Pemberton's sign refers to faintness with evidence of facial congestion and cyanosis due
to external jugular venous obstruction when the arms are raised above
the head, a manoeuvre that draws the thyroid into the thoracic inlet.
About
- Goitre refers to an enlarged thyroid
- WHO definition "a thyroid gland whose lateral lobes have a volume greater than the terminal phalanges of the thumbs of the person being examined"

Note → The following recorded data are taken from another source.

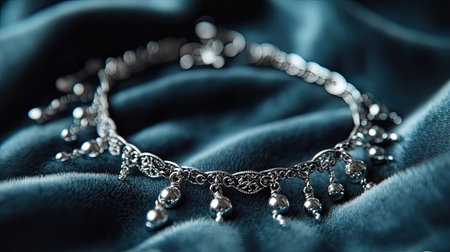 This stunning silver bracelet showcases exquisite craftsmanship with elegant dangles. It rests gracefully on a soft velvet background, emphasizing its beauty.
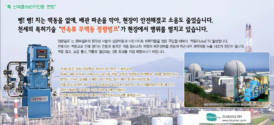 당사의 다이어프램형 무맥동 정량펌프(PKD)가 신제품(NEP)인증 연장에 성공했습니다. 아래는 2013년 5월 27일자 산업데일리 신문 3면 하단에 기재된 광고내용 입니다. “축 신제품(NEP) 인증 연장” 뻥! 뻥! 치는 맥동을 없애, 배관 파손을 막아, 현장이 안전해졌고 소음도 줄었습니다. 천세의 특허기술 ‘연속류 무맥동 정량펌프’가 현장에서 맹위를 떨치고 있습니다. ‘정량펌프’는 왕복펌프의 원리상 사람의 심장박동과 마찬가지로 화학약품을 정량 주입할 때마다 ‘맥동(Pulse)’이 발생합니다. 반복되는 맥동으로 인해 생기는 진동과 충격은 각종 플라스틱 재질의 배관설비를 흔들어 파손시켜 화학약품 누출 사고의 원인이 됩니다. 맥동 없고, 소음 줄고, 약품도 절감되는 3중 효과를 직접 체험하시기 바랍니다. 천세산업은 30년 정량펌프 제조의 독자적인 기술력으로 등속도 캠(Constant Velocity Cam)을 개발, 숙원의 정량펌프 무맥동화 시대를 열었습니다. 발전소 수처리 설비를 비롯한 생산 현장, 정수, 폐수 및 하수처리장 등 약품 주입 공정에 필수적으로 공급되는 펌프로써, 2007년 1차 '신제품(NEP)인증’에 이어 금년 5월에는 지속적인 수입 대체 효과를 인정받아 산업통상자원부로부터 유효기간이 연장되는 성과를 올렸습니다.
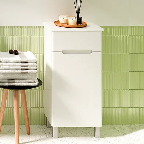 Материалы корпуса и фасадов устойчивы к воздействию влаги, бытовых чистящих средств и механических нагрузок. Установка не требует сложных приспособлений и может выполняться самостоятельно. Простые линии конструкции и белый цвет делают тумбу универсальным элементом интерьера, легко сочетаемым с различными стилями.
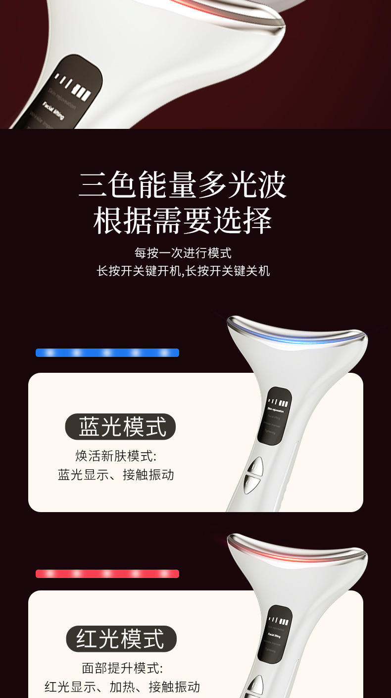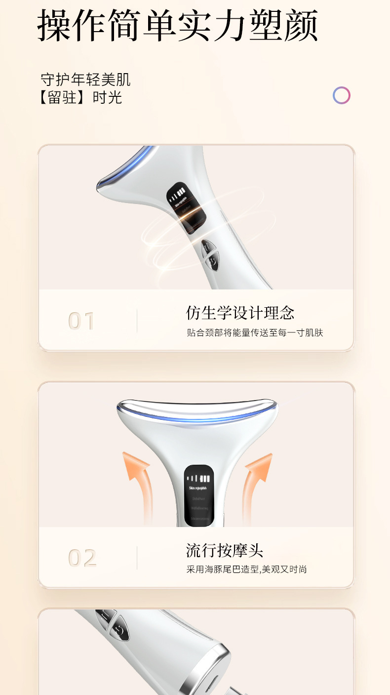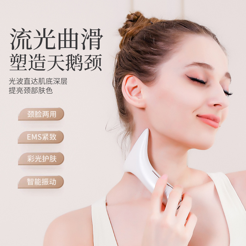 Трансграничная шея с цветным светом, прибор для поднятия красоты, микромассаж, ультразвуковой вибрационный инструмент для омоложения кожи, инструмент для глубокой очистки шеи
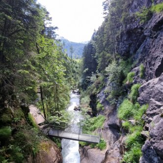 The Riesach waterfall is the largest waterfall in Styria. The "Alpinsteig through the Höll" leads over numerous stairs, paths and a suspension bridge along the Riesach waterfall to the Gfölleralm and the Riesach lake. This climb requires surefootedness and a head for heights and is not suitable for toddlers and dogs from the suspension bridge - you can still get to the beautiful Riesachsee via the forest road (junction in front of the suspension bridge).
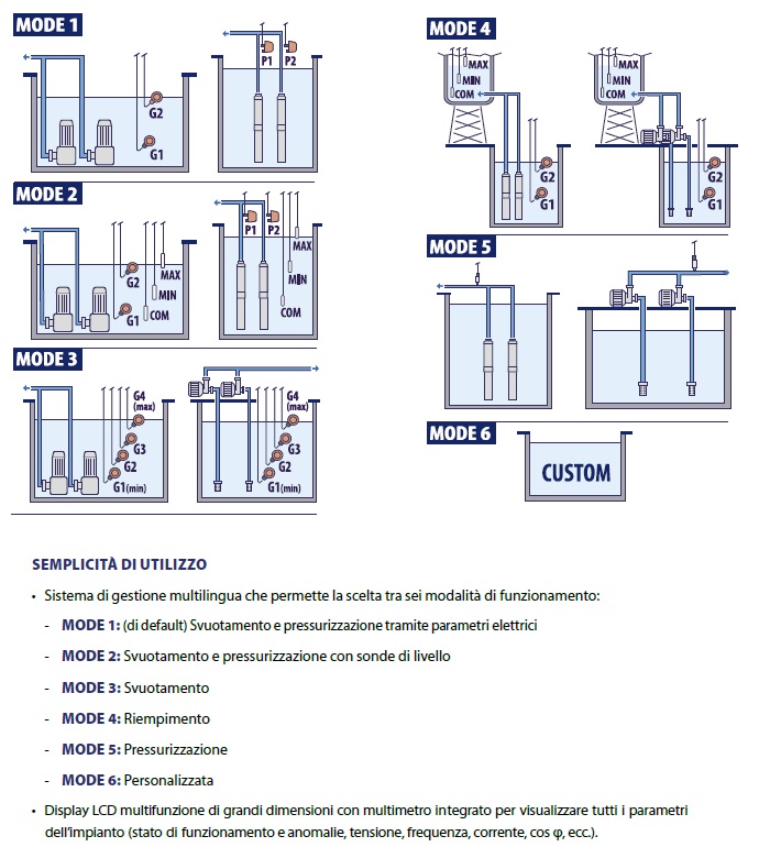 - Grazie alla possibilità di selezionare 6 tipologie di funzionamento, permette di gestire in modo semplice ed intuitivo ogni impianto di pompaggio.
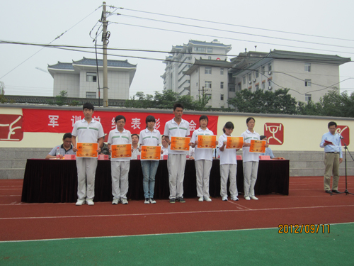 接着袁建中副校长,宣读了对军训先进班级、先进班主任、会操优胜班级、和内务整理先进宿舍的表彰决定,他希望受表彰的先进个人和集体,继续努力争取更大的进步,伴随着激昂的乐曲,先进个人和集体代表走上主席台领取了自己的荣誉证书。

- May be diffuse or composed of one or more nodules
Goitre Causes
- Idiopathic, Hashimoto's thyroiditis
- Graves disease, Puberty, Iodine deficiency
- Subacute thyroiditis
- Goitrogens (Lithium, Amiodarone, smoking)
Types
- Diffuse enlargement of the thyroid occurs in the absence of
nodules and hyperthyroidism, it is referred to as a diffuse nontoxic
goitre.
- Nodular/Multinodular goitre. An enlarging gland may also produce pressure symptoms
on the trachea and the oesophagus
Grade Characteristics
- 0 No palpable or visible goitre.
- 1 A goitre that is palpable but not visible when the neck is in the normal position (i.e. the thyroid gland is not
visibly enlarged). Nodules in a thyroid that is otherwise not enlarged fall into this category.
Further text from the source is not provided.